In 1877 Mr. Pasteur took up Davaine's experiments, and confirmed his affirmations step by step by employing the method of culture that he had used with such success in his studies upon fermentation. He isolated Davaine's bacterium by cultivating it in a decoction of beer yeast that had been previously sterilized (Fig. 2); and after from ten to twenty cultures, he found that a portion of the liquid containing a few bacteria, when used for inoculating a rabbit, quickly caused the latter to die of charbon, while the same liquid, when filtered through plaster or porcelain, became harmless.

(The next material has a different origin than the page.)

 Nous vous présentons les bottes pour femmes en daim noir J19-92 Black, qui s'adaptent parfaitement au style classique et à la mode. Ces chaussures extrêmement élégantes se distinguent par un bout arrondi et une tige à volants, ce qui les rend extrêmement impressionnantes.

Davaine's bacterium develops exclusively in the blood, and is never found at any depth in the tissues. This is due to the fact that the alga, having need of oxygen in order to live, borrows its flow from the blood, and thus extracts from the globules that which they should have carried to the tissue. The animal therefore dies asphyxiated. It is on account of the absence of oxygen in the blood that the latter assumes the blackish-brown color that characterizes the malady, and that has given its name of charbon (coal).

The parasitic nature of charbon was therefore absolutely demonstrated, first, by the constant presence of Bacillus anthracis in the blood of anthracoid animals, and second, by the pure culture of the parasite and the inoculation of animals with charbon by means of it.

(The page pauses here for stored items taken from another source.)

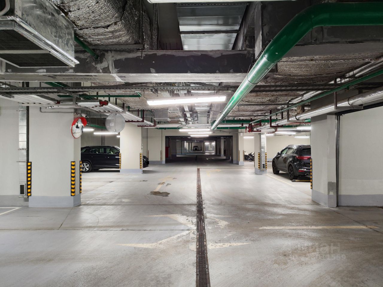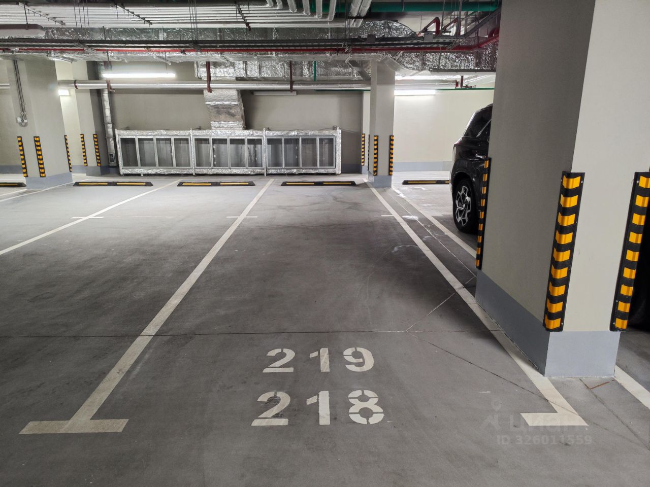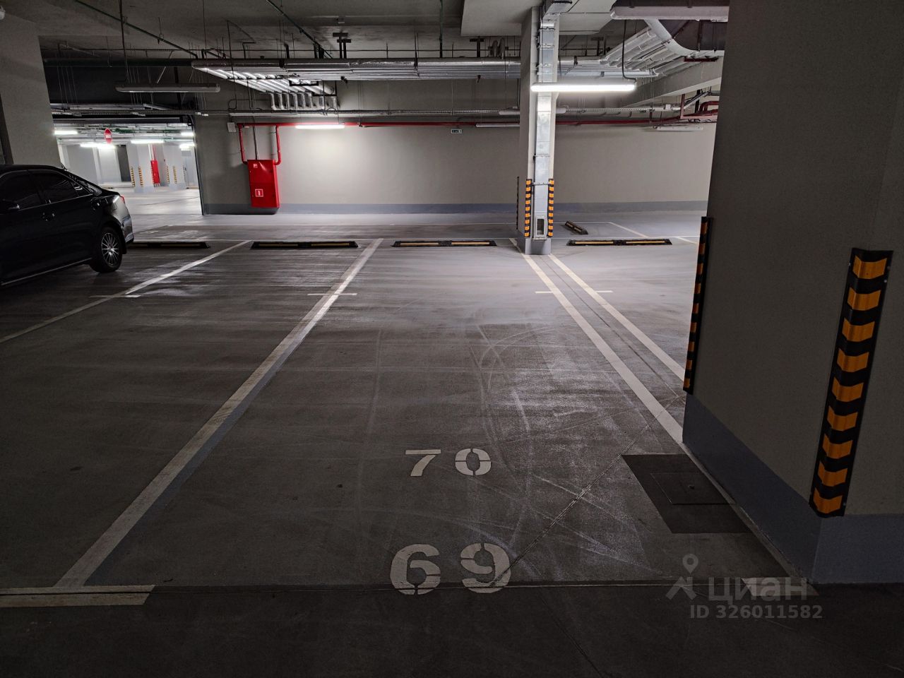 Просторное машиноместо на -1 этаже, отдельным блоком, площадью 20,7 кв.м. напротив входа во вторую секцию.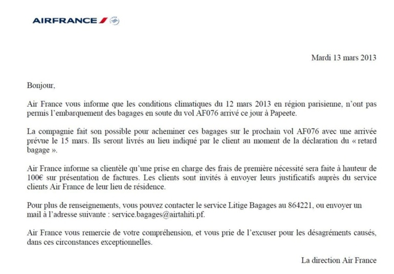 Communiqué de Air France : Un retard pour les bagages du vol AF076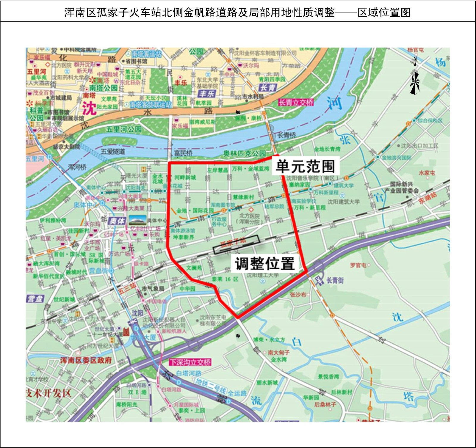 浑南区孤家子火车站北侧金帆路道路及局部用地性质调整规划方案批前公示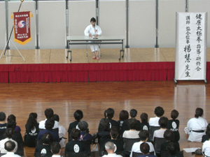 平成23年6月26日秋田市アルヴェにおいて、全県から会員約100名の出席のもと、日本健康太極拳協会秋田県支部第7回通常総会が開催され、平成23年度の支部活動方針の決定、新役員の選任等が行われました。 支部長には、これまで6年間にわたり重責を果たしてきた齊藤節雄氏に代わり、秋田地区の青山鈞氏が新たに選任されました。 総会終了後は日本健康太極拳協会副理事長の楊慧先生による、「太極拳の心」をテーマとした講演及び太極拳二十四式の実技指導が行われ、見学者も参加するなか盛況な特別講習会となりました。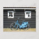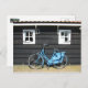 Blue Bicycle Dutch House em Holland Postcard. Uma bicicleta azul-damas estacionada numa típica casa de madeira holandesa com dois cartões postais com janelas. Este cartão postal de bicicleta holandesa excelente é totalmente personalizável, adicione seus textos e imagens!

Davaine began the demonstration in 1863, and Pasteur finished it in 1877. These facts are now incontestable; yet, to show how slowly truth is propagated, even in these days of telegraphs and telephones, there might have been read a few months ago, in an interesting article on microbes, by Dr. Fol, a distinguished savant, the statement that charbon and tuberculosis were discovered by Dr. Koch!

New parasitic affections, whose existence was suspected, were soon discovered and scientifically demonstrated, such, for example, as septicmia, or the putrefaction which occurs in living animals, which in ambulances causes so fearful havoc among the wounded, and which proceeds from Bacillus septicus. This parasite exhibits itself under the form of little articulated rods that live isolated from oxygen in the mass of the tissues, and disorganize the latter in disengaging a large quantity of putrid gas. Other parasites of this class are the micrococcus of chicken cholera (Fig. 3), the micrococcus of hog measles, and the Spirochoete Obermeieri of recurrent fever, discovered by Obermeier (Fig. 5).

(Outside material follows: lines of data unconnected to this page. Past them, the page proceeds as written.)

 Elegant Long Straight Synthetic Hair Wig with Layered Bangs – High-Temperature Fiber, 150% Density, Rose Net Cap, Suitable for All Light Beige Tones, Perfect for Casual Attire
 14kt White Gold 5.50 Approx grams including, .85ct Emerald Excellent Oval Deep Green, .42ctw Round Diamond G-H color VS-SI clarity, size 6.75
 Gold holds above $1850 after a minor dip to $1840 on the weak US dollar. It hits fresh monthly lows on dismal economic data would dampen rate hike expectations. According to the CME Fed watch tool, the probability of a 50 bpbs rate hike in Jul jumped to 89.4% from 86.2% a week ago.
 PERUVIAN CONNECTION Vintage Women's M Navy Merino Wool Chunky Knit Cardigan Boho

Besides these, there are a certain number of maladies that seem as if they must be due to the Bacteriace, although a demonstration of the fact by the method of cultures and inoculation has not as yet been attempted. Among such, we may cite typhoid fever, diphtheria, murrain, tuberculosis (Fig. 4), malarial fever (Fig. 6), etc.

As may be seen, the list is already a long one, and it tends every day to still further increase. All the progress that has been made in so few years in our knowledge of contagious or epidemic diseases is due exclusively to M. Pasteur and the scientific method that he introduced through his remarkable labors on fermentation. Now that we know our most formidable enemies, how shall we defend ourselves against them?

As we have seen, bacteria exist everywhere, mixed with the dust that interferes with the transparency of the air and covers all objects; and they are likewise found in water.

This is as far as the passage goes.